On stockinged feet he padded to the next cubicle. Elisse sat cuddling Tonia, who had awakened with a stuffy nose. He knelt in front of the rocker, clutching his arms around the baby and woman, resting his cheek on the fuzzed, worn flannel robe that covered his wife's slender, consoling thigh.

CHAPTER 24

A few days later, Caryll learned that Justin was in Detroit. He and Tom were at their routine Friday lunch at Hugh's.

These weekly conferences had begun in 1933. At that time President Roosevelt, fresh in office, was attempting to sweep the economic disaster from the country with his new broom of alphabet agencies that included the NRA. This new code, an experiment in industrial self-regulation, had been signed amid patriotic hoopla by manufacturers who then proceeded blithely to ignore any of the measure's regulations that hobbled them. Tom had refused to sign. He viewed the NRA as another Selden patent, a clamp on competition, and he felt, rightly, that the brain trusters in Washington knew nothing about making automobiles. Furthermore, Onyx paid exactly double the NRA's specified minimum hourly wage. Caryll privately shared his father's point of view, yet the economy was petering to a gloomy halt, and he believed with all his gentle, moderate heart that they must support the presidential effort to get things moving. The country agreed with Caryll. Dealers mailed him hundreds—no, thousands—of hortatory letters, the common plea being that times were disastrous enough without the staggering handicap of trying to sell Onyx trucks and Sevens without NRA's Blue Eagle sticker affixed to their windshields.

Hugh suggested Tom go on the air to explain his holdout.
The Onyx Family Variety Hour
, Sundays at 8 P.M. on NBC Blue, was the most popular program on all four radio networks, and the following day everybody was gabbling about Tom Bridger's good old-fashioned belief in individual effort and American ingenuity—and by God, what about those fat pay envelopes at Onyx? Sales jumped. Hugh wheedled his brother into continuing the brief, flat-spoken pithy comments at the end of each program.

During their Friday lunches the three Bridgers disputed the thrust of Tom's Sunday speech while Argo MacIlvray, his plump white fingers racing across the page, took notes. On this particular Friday, after the
oeufs à la neige
, Hugh nodded and the speechwriter's ovoid form fairly bowed itself from the dining room.

Hugh sniffed his cognac. “That union situation, Tom,” he said. “Satisfied?”

Tom, pushing away from the table, did not reply.
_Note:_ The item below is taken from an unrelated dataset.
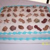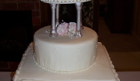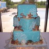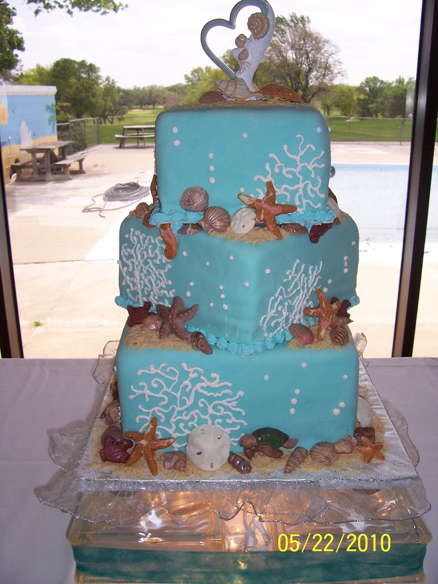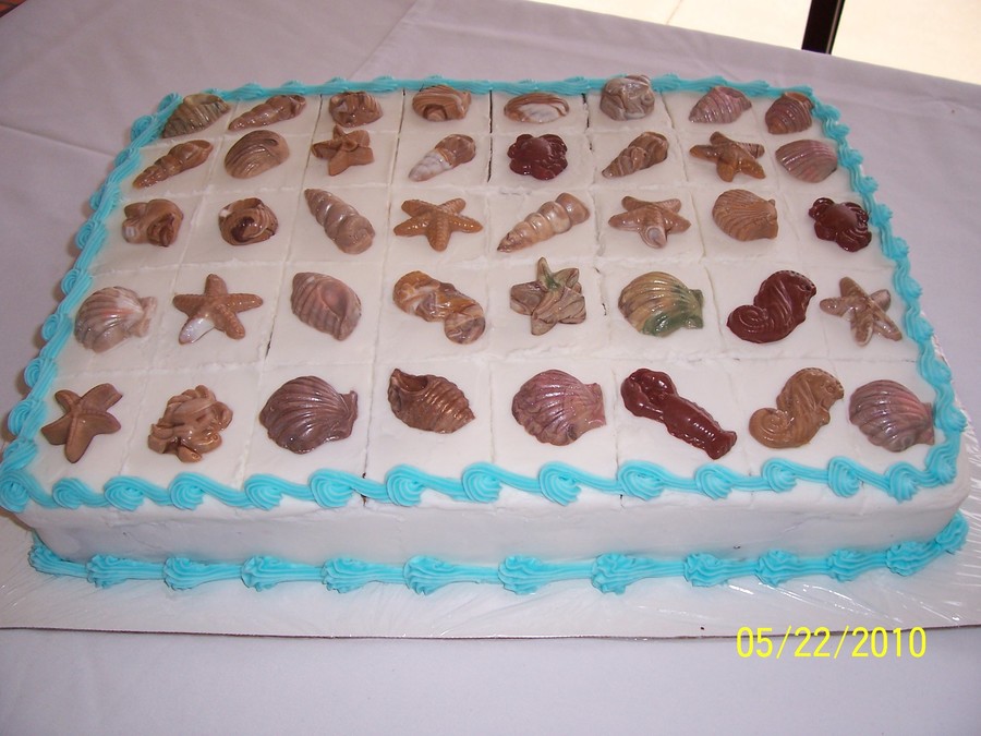 red velvet cake covered in fondant with chocolate seashells and vanilla wafers crushed for sand

“A membership of eight,” Hugh said. “He'll soon give up. Keeley's got him stymied.”

Caryll's round face had become less fleshy with the years, and at Dickson Keeley's name he clenched his teeth until his jawbones showed. “A new local, Uncle Hugh?” he asked.

“We're talking about your brother-in-law,” Hugh said with a faint sneer. Yet there was a feverish flash of pain in his light blue eyes.

“What, Justin?” Caryll asked, surprised.

Hugh shot a glance at Tom, who had gone to the window. “He's working in the rubber department,” Hugh said. “An agitator.”

“Justin?” Caryll asked, still baffled. “Working at Woodland?”

“Yes. Comrade Justin.” Hugh sipped. “You mean to say he hasn't contacted Zoe?”

Caryll had long since jettisoned his suspicions about Zoe and his uncle. “She has no idea,” he said.

“Not taking time to see his own sister certainly proves his dedication.”

“There are millions of people, Uncle Hugh, who believe collective bargaining is the fair way to settle labor disputes,” Caryll snapped, then found himself adding in that sheepish, placating tone he deplored, “The men say our latest speedup is an endurance race, but Uncle Olaf refuses to listen.”